Your output should be the lines from the one containing "Web PSTN calling" through the last line below, both ends included, exactly as written and free of pictures.

(Entries taken from a collection)
━━━━━━━━━━━━━━━━━━━━
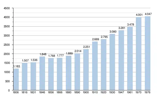- Sources : INS, Rem. : 1831 jusqu'en 1970 = recensements, 1976 = nombre d'habitants au 31 décembre[2].
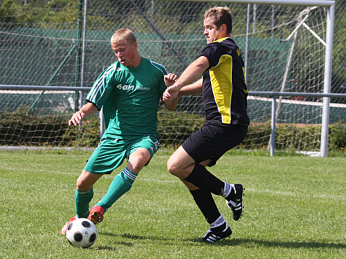Mit viel Einsatz behauptet sich Aufsteiger FC Viereth (hier mit Daniel Kruspel, re.) auch in der Kreisklasse und verdient sich seine Platzierung in der Rangliste der besten Teams 2009.
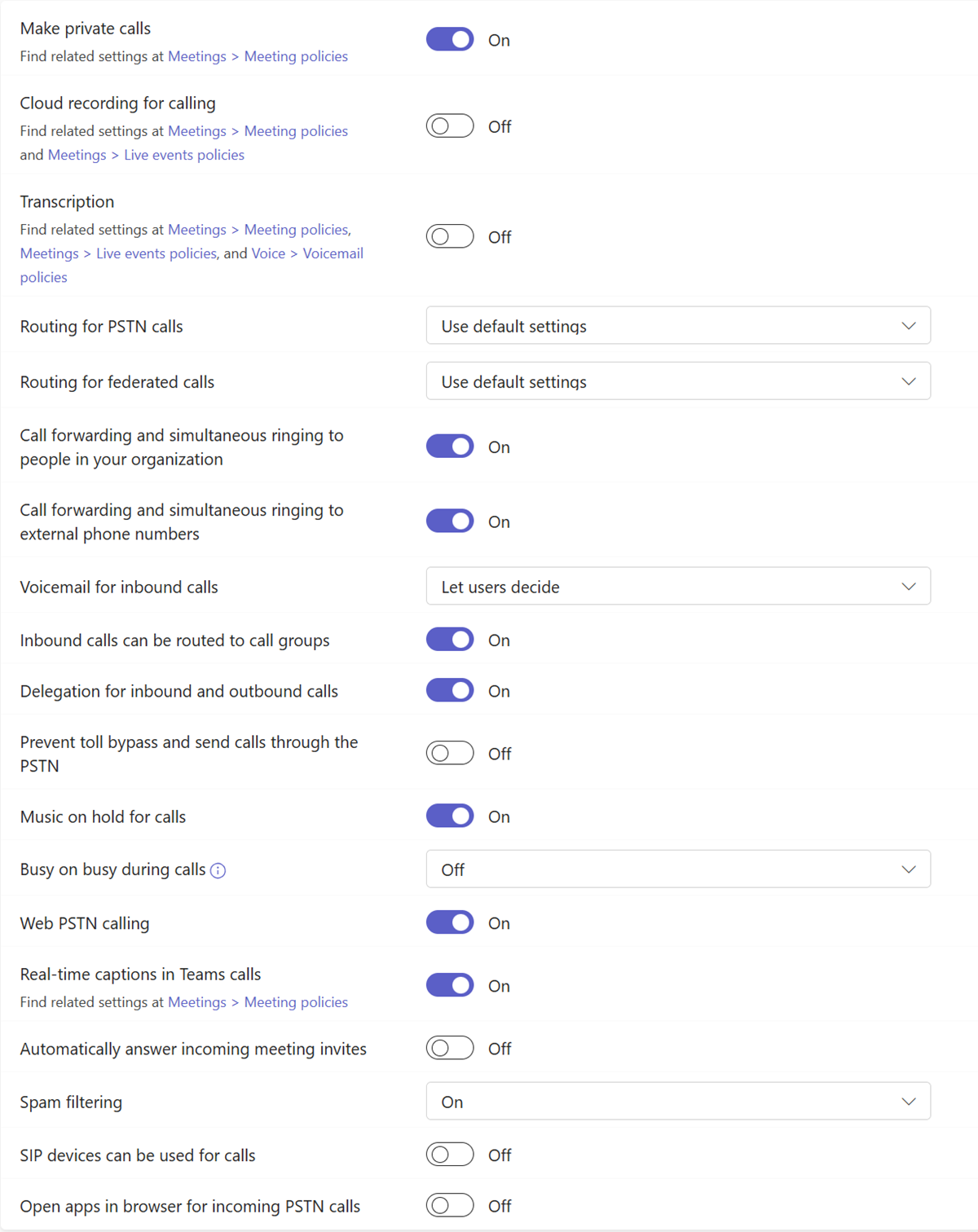 Web PSTN calling On This setting enables users to call PSTN numbers using the Teams web client.
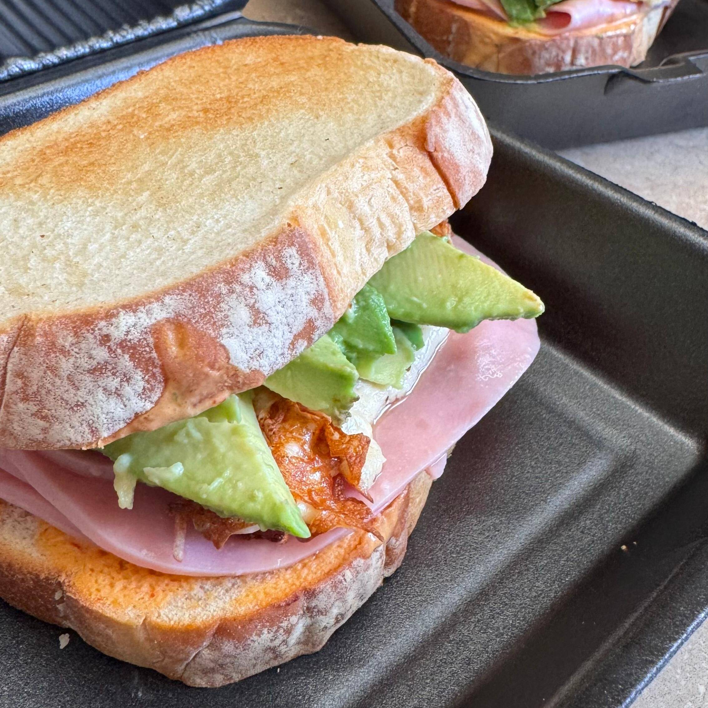 Jamón de Pavo, Costra de queso, aguacate, tocino + Aderezo chipotle
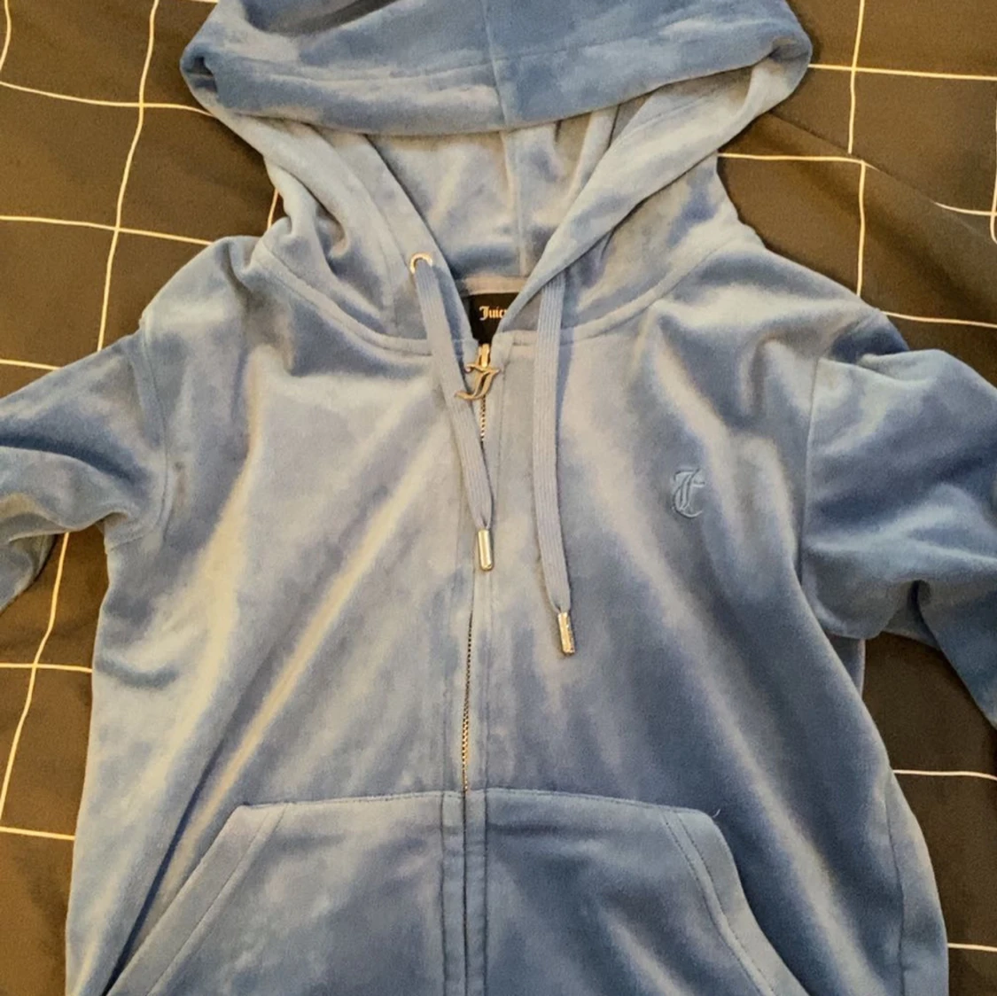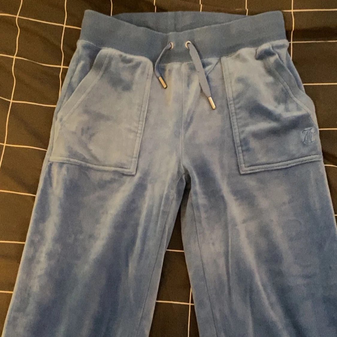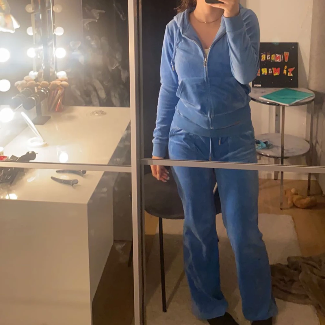 Säljer en snygg blå velour hoodie och matchande byxor från Juicy Couture. Hoodien har dragkedja och snören i luvan, medan byxorna har resår och snörning i midjan. Perfekt för en avslappnad stil. 💙Köpte de för 2500kr. Pris kan diskuteras vid snabbköp.
━━━━━━━━━━━━━━━━━━━━
■ Solution for this task
 Web PSTN calling On This setting enables users to call PSTN numbers using the Teams web client.
 Jamón de Pavo, Costra de queso, aguacate, tocino + Aderezo chipotle
 Säljer en snygg blå velour hoodie och matchande byxor från Juicy Couture. Hoodien har dragkedja och snören i luvan, medan byxorna har resår och snörning i midjan. Perfekt för en avslappnad stil. 💙Köpte de för 2500kr. Pris kan diskuteras vid snabbköp.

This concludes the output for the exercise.